# Required work
Below is a listing to transcribe in full and exactly; keep the pictures out.

### Supplied material

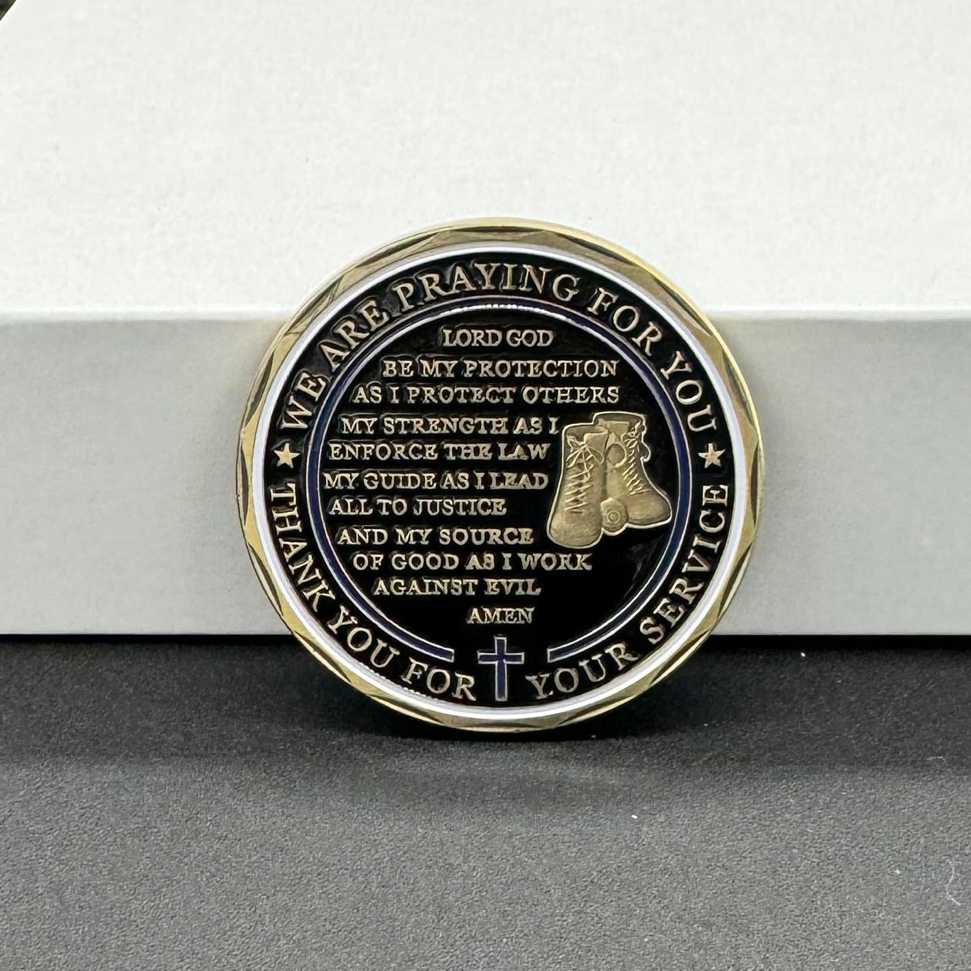 Thank You Saint Michael law enforcement coin with policeman officer prayer, This challenge coin makes a thoughtful gift to give to a friend or family member who protect us. Front side of the coin is St. Michael, the patron saint of law enforcement officers, to serve, to protect; Back side with policeman prayer, thank you for your service, we are praying for you. A nice commemorative collection for Police Officers, Veterans, Patriot, Soldier, Coin Collectibles Collector or a Great Gift for anyone currently serving or planning to serve in law enforcement.
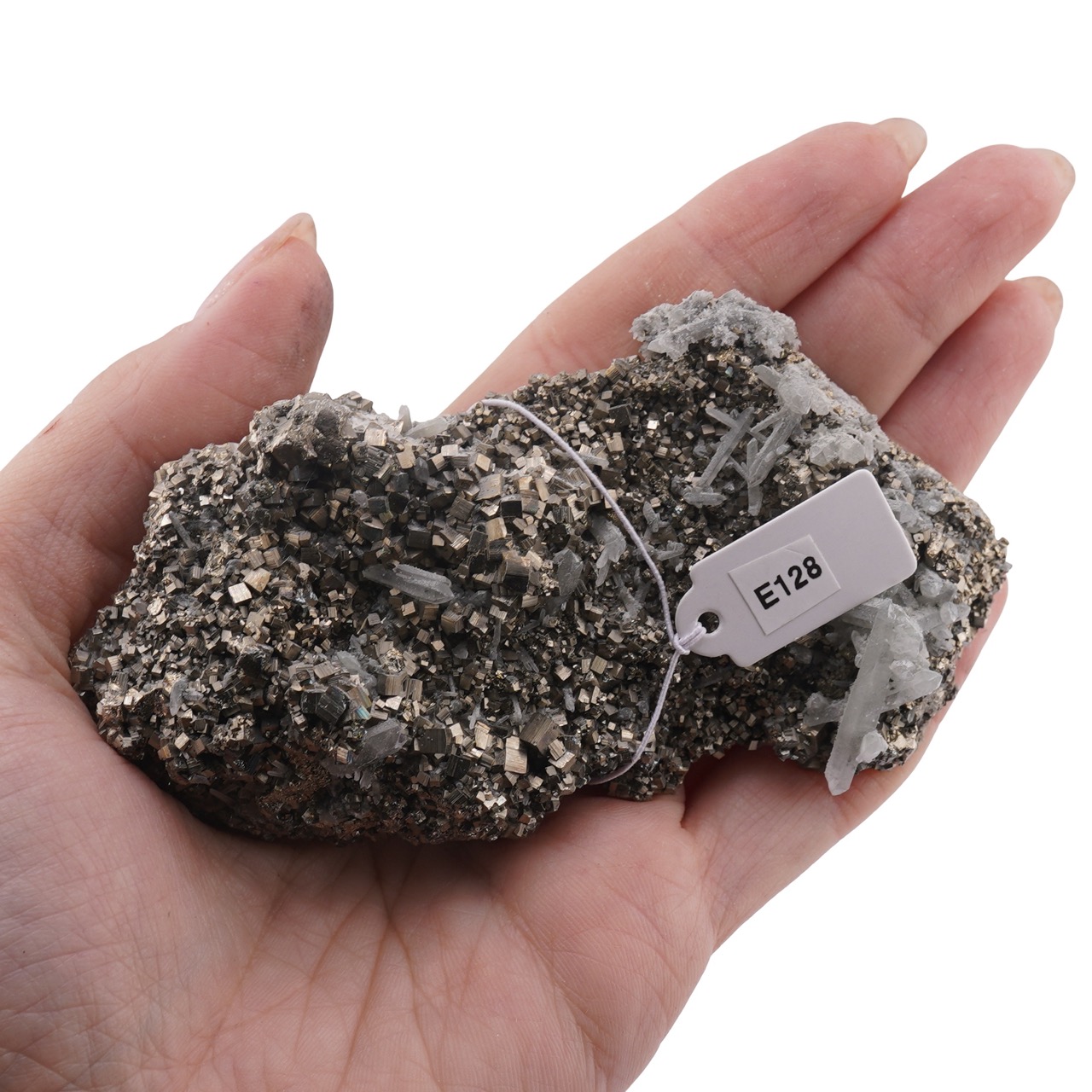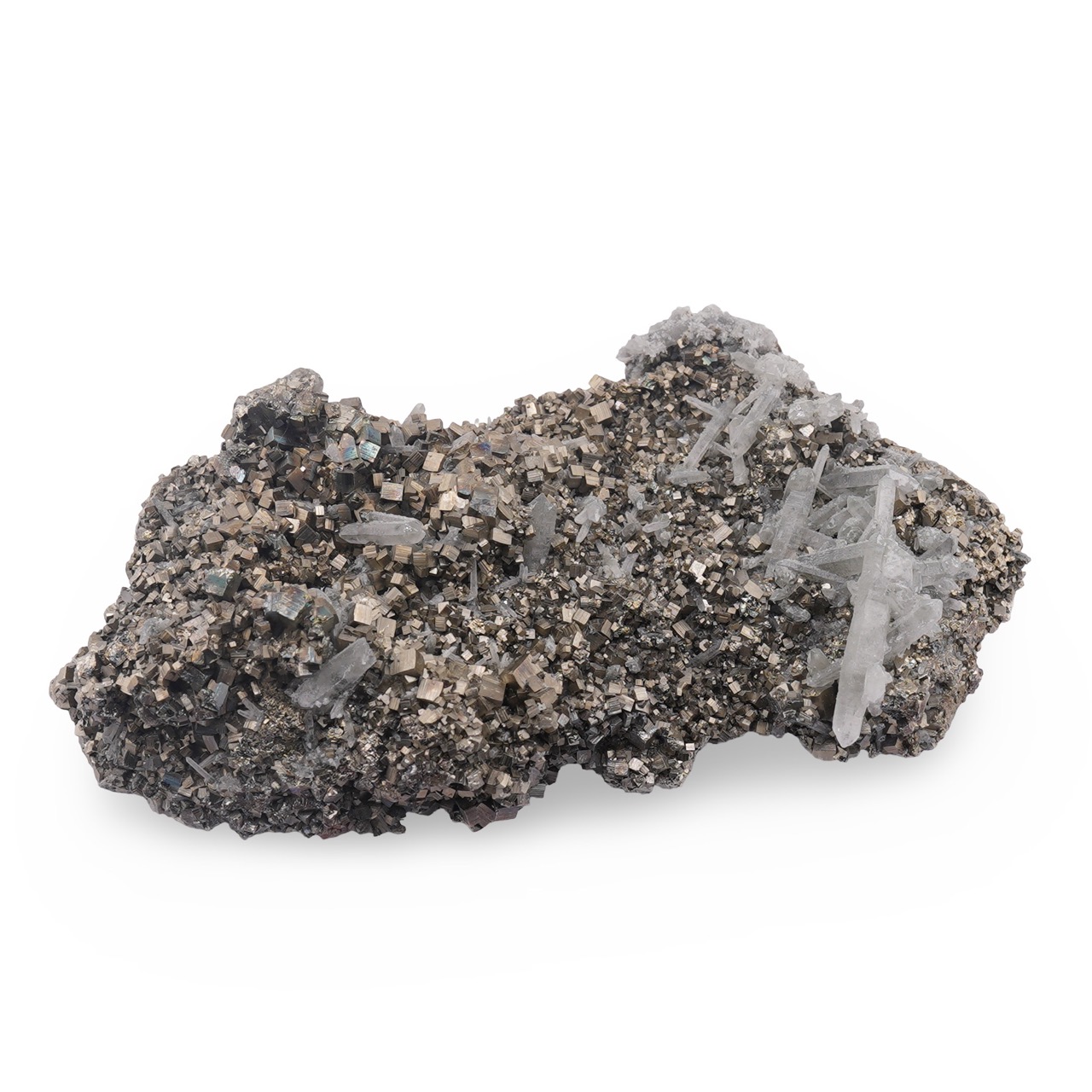 Structura sa combină energia metalică a piritei cu eleganța luminoasă a cuartului. Luciul cald al piritei contrastează plăcut cu claritatea discretă a cuartului, oferind un joc de lumini care se evidențiază frumos pe orice suport. Este piesa potrivită dacă îți dorești un accent mineral autentic, în care strălucirea naturală întâlnește liniștea formelor crescute în subteran.
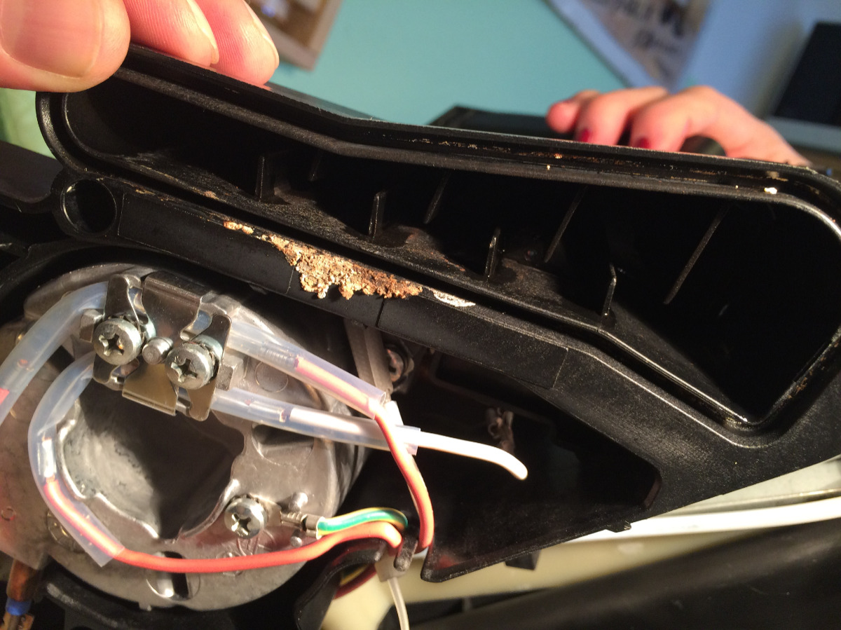 Jetzt hat sich ein neues Problem aufgetan: Gestern wollte ich mir einen leckeren Kaffee machen und habe gesehen, dass unter der Maschine eine Wasserpfütze ist. Ich dachte schon, dass ich beim Einbau der Kupplung etwas übersehen habe. Ich habe die Maschine ausgeschraubt und erstmal nur gesehen, dass das Wasser von Oben aus Richtung der Kupplung kommt. Bei der Kupplung war aber alles in Ordnung.Unten beim Wasserauslauf kam das Wasser nicht nur aus der Öffnung des schwarzen Kastens, sondern irgendwo darüber her. Also habe ich diesen großen Kasten unter der Kupplung abgeschraubt (siehe Bilder). Die "Dichtstellen" sind sehr verkalkt. Ich vermute, dass das Wasser dort austritt. Zwischen den beiden Hälften ist auch keine Gummidichtung angebracht. Oberhalb des Kastens scheint alles trocken zu sein.
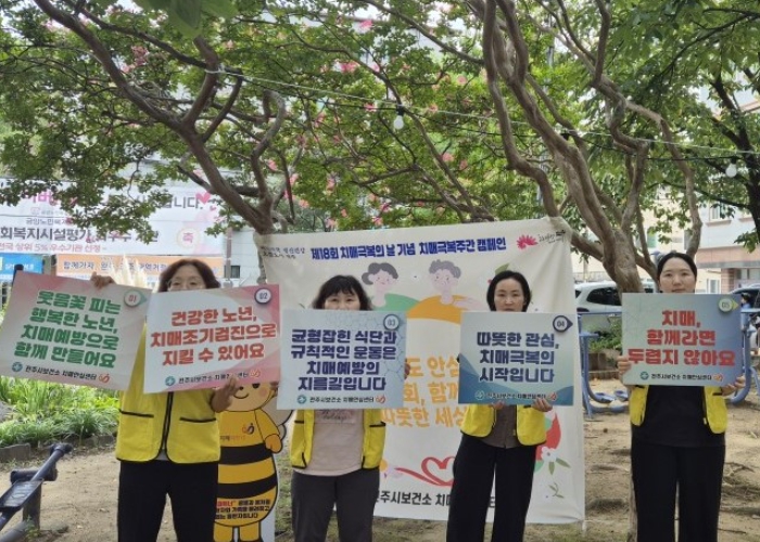 [파이낸셜경제=김예빈 기자] 전주시보건소는 ‘제18회 치매극복의 날’(9월 21일)을 앞두고 치매에 대한 인식 개선과 예방 분위기 확산을 위해 지난 15일부터 오는 22일까지 전주지역 6개 노인복지관을 순회하며 치매극복주간 캠페인을 전개하고 있다고 18일 밝혔다.

######

# Result for this task
 Thank You Saint Michael law enforcement coin with policeman officer prayer, This challenge coin makes a thoughtful gift to give to a friend or family member who protect us. Front side of the coin is St. Michael, the patron saint of law enforcement officers, to serve, to protect; Back side with policeman prayer, thank you for your service, we are praying for you. A nice commemorative collection for Police Officers, Veterans, Patriot, Soldier, Coin Collectibles Collector or a Great Gift for anyone currently serving or planning to serve in law enforcement.
 Structura sa combină energia metalică a piritei cu eleganța luminoasă a cuartului. Luciul cald al piritei contrastează plăcut cu claritatea discretă a cuartului, oferind un joc de lumini care se evidențiază frumos pe orice suport. Este piesa potrivită dacă îți dorești un accent mineral autentic, în care strălucirea naturală întâlnește liniștea formelor crescute în subteran.
 Jetzt hat sich ein neues Problem aufgetan: Gestern wollte ich mir einen leckeren Kaffee machen und habe gesehen, dass unter der Maschine eine Wasserpfütze ist. Ich dachte schon, dass ich beim Einbau der Kupplung etwas übersehen habe. Ich habe die Maschine ausgeschraubt und erstmal nur gesehen, dass das Wasser von Oben aus Richtung der Kupplung kommt. Bei der Kupplung war aber alles in Ordnung.Unten beim Wasserauslauf kam das Wasser nicht nur aus der Öffnung des schwarzen Kastens, sondern irgendwo darüber her. Also habe ich diesen großen Kasten unter der Kupplung abgeschraubt (siehe Bilder). Die "Dichtstellen" sind sehr verkalkt. Ich vermute, dass das Wasser dort austritt. Zwischen den beiden Hälften ist auch keine Gummidichtung angebracht. Oberhalb des Kastens scheint alles trocken zu sein.
 [파이낸셜경제=김예빈 기자] 전주시보건소는 ‘제18회 치매극복의 날’(9월 21일)을 앞두고 치매에 대한 인식 개선과 예방 분위기 확산을 위해 지난 15일부터 오는 22일까지 전주지역 6개 노인복지관을 순회하며 치매극복주간 캠페인을 전개하고 있다고 18일 밝혔다.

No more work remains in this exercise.